More weights and lifting quite a heavy amount. Awesome yoga poses that take a lot of practice. Tennis continues to surprise me as well – and humble me ;).  The keys, for me, at 45 years old are a lot of variety with my exercise and realizing I did have to break up with running. This may be a year I go back to running if my body feels good enough, but for now, my intention is to be open in other ways around exercise.When I think about my clients over this year I had two write and say particularly poignant things over the past few weeks. One is a woman I have worked with for just this year. She had battled binge eating and bulimia but also was diagnosed with type 2 diabetes in March after we started working together. Throughout our sessions, she has normalized her hemoglobin A1C which is the measure of her blood sugars over 3 months. Her primary care provider has also taken her off the medicine she was taking for her diabetes as she has been able to focus so strongly on eating mindfully, movement, and decreasing stress.

Another client I have worked with for many years for her eating disorder said in last week’s appointment ‘I’m not even thinking about safe foods anymore. It feels good to be in charge of my body in a different way. I can look back at the eating disorder and say wow that was such chaos.’

Two women, two different stories. Two forms of success and calm around food and their bodies. Why? Their intentions. Not resolutions. To resolve, lacks empathy, sounds negative, and is likely to fail. Intentions are strong and full of light.

They incorporate obsessing about loving you and can shine well past January of the new year as I hope yours will for 2018.

Here’s the challenge – can you intend to love yourself obsessively in 2018?

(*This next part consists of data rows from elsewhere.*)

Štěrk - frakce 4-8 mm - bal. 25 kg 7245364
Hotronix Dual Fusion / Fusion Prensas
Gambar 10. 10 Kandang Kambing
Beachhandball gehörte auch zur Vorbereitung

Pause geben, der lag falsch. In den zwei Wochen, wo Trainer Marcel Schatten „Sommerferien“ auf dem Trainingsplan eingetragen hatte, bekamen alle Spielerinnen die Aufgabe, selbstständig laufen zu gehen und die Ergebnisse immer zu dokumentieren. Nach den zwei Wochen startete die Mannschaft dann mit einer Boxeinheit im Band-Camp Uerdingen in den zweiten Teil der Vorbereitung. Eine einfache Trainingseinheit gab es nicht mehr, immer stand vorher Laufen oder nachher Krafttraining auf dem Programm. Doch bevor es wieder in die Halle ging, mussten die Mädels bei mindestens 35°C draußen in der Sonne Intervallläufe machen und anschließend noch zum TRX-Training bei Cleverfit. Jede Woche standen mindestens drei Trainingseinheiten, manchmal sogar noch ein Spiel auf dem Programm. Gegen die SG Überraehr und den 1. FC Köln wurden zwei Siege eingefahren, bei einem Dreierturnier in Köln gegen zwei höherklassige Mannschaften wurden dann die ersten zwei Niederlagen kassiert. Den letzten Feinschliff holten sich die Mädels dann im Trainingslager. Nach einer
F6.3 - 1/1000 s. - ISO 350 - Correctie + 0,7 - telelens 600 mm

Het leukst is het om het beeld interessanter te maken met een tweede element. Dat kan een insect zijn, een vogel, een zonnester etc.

Here are a couple of other pieces on intentions from like-minded colleagues:

A podcast on setting intentions by Summer Innanen

Krystal Thomas wrote about intentions for 2016 

Melissa Groves, RDN, wrote about 18 Ways to Hack Your New Year’s Resolutions 

Mandy Enright, is a dietitian and yoga teacher (on the JERSEY SHORE!) and wrote about What You Can Do MORE Of in 2018 

Remember to follow me on FB & Twitter @NutritionMentor and on Instagram @Nutrition.Mentor


Robyn’s Monthly Morsel

2ae280de-905d-451e-a902-c19b2bd97b25 Twenty three years ago I counseled my first client with an eating disorder in an outpatient setting. I used the same definition of normal eating then that I do now by Ellyn Satter a dietitian and family therapist who wrote this in 1983.

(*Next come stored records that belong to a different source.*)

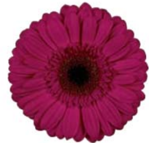
G. jamesonii 'Lieke' Photo: Preesman International B.V.
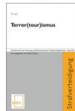
Terror(tour)ismus Ladenpreis: 68,00 EUR
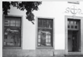
Rotteckring 14 | 79098 Freiburg Telefon 0761 / 31 90 10
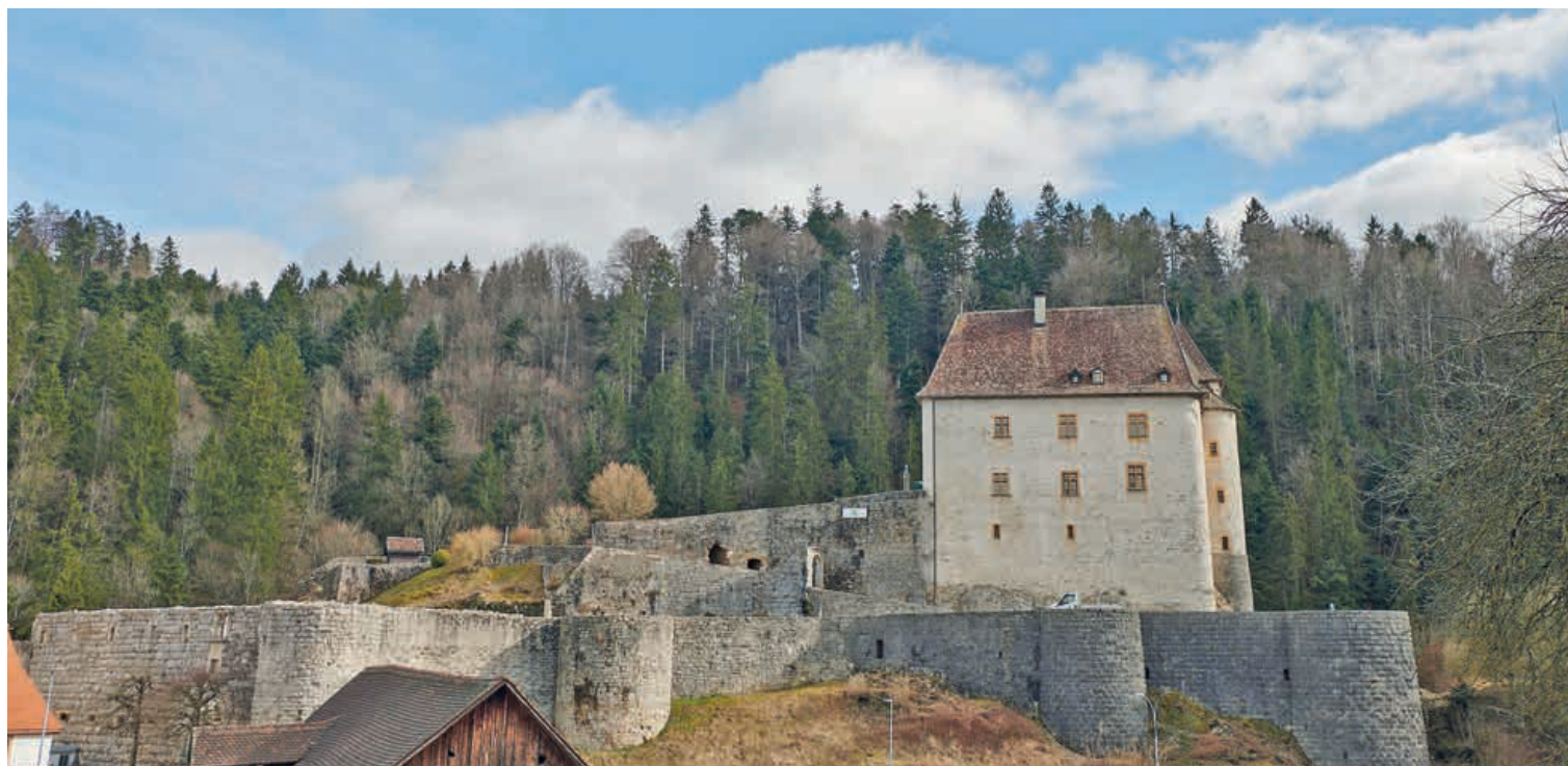
Le Château de Valangin sera l'un des trois points de départ de la Marche du 1 er -Mars et sera ouvert gratuitement toute la journée.

Le 1 er mars, les Neuchâtelois-e-s sont invité-e-s à se réunir à La Vue-des-Alpes pour célébrer les 175 ans de la République. Un lieu symbolique qu'il sera possible de rejoindre à pied depuis Valangin.
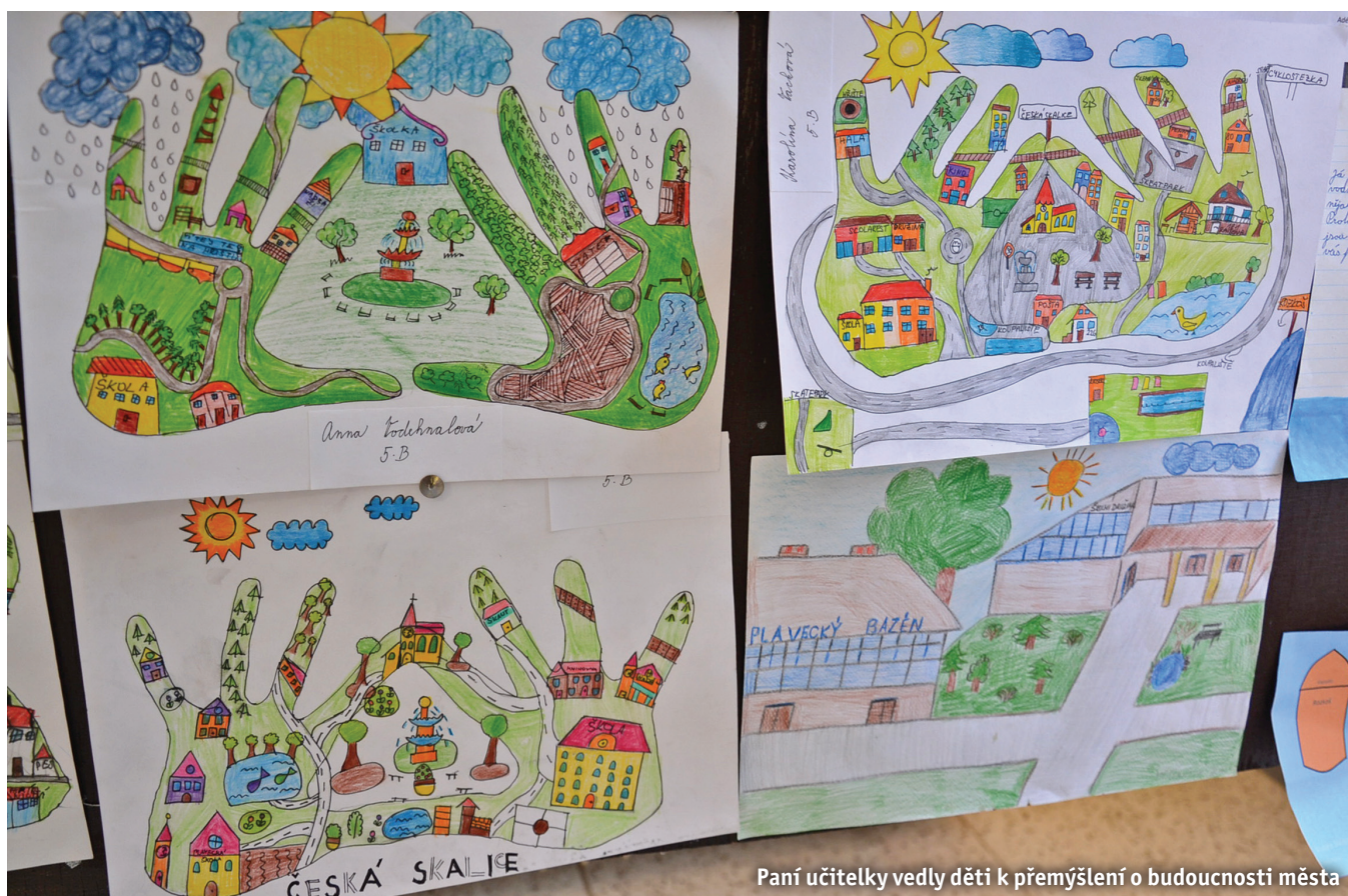
Paní učitelky vedly děti k přemýšlení o budoucnosti města

Přijetím strategického plánu zastupitelstvem města Česká Skalice v červnu 2014 začala pilotní fáze uplatnění plánu v praxi řízení města. Byl zpracován první akční plán na rok 2014 a posléze na rok 2015, do něhož se soustředil přehled konkrétních projektů a úkolů rozpracovaných v návaznosti na rozpočet města a naplňujících stanovené cíle. V průběhu této pilotní fáze byla již také realizována řada kroků a aktivit, jež naplňují nebo začaly naplňovat stanovené konkrétní cíle. Souhrn zkušeností z pilotní fáze vedl k aktualizaci některých cílů. Návrhy na aktualizaci projednala řídicí skupina v novém složení, které reflektovalo výsledky komunálních voleb z října 2014.

I’d encourage you to keep this nearby as part of your intentions around food and your body for 2018.

  • Normal eating is going to the table hungry and eating until you are satisfied.
  • It is being able to choose food you enjoy and eat it and truly get enough of it – not just stop eating because you think you should.
  • Normal eating is being able to give some thought to your food selection so you get nutritious food, but not being so wary and restrictive that you miss out on enjoyable food.
  • Normal eating is giving yourself permission to eat sometimes because you are happy, sad or bored, or just because it feels good.
  • Normal eating is mostly three meals a day, or four or five, or it can be choosing to munch along the way.
  • It is leaving some cookies on the plate because you know you can have some again tomorrow, or it is eating more now because they taste so wonderful.
  • Normal eating is overeating at times, feeling stuffed and uncomfortable. And it can be under eating at times and wishing you had more.
  • Normal eating is trusting your body to make up for your mistakes in eating. Normal eating takes up some of your time and attention, but keeps its place as only one important area of your life.

In short, normal eating is flexible. It varies in response to your hunger, your schedule, your proximity to food and your feelings.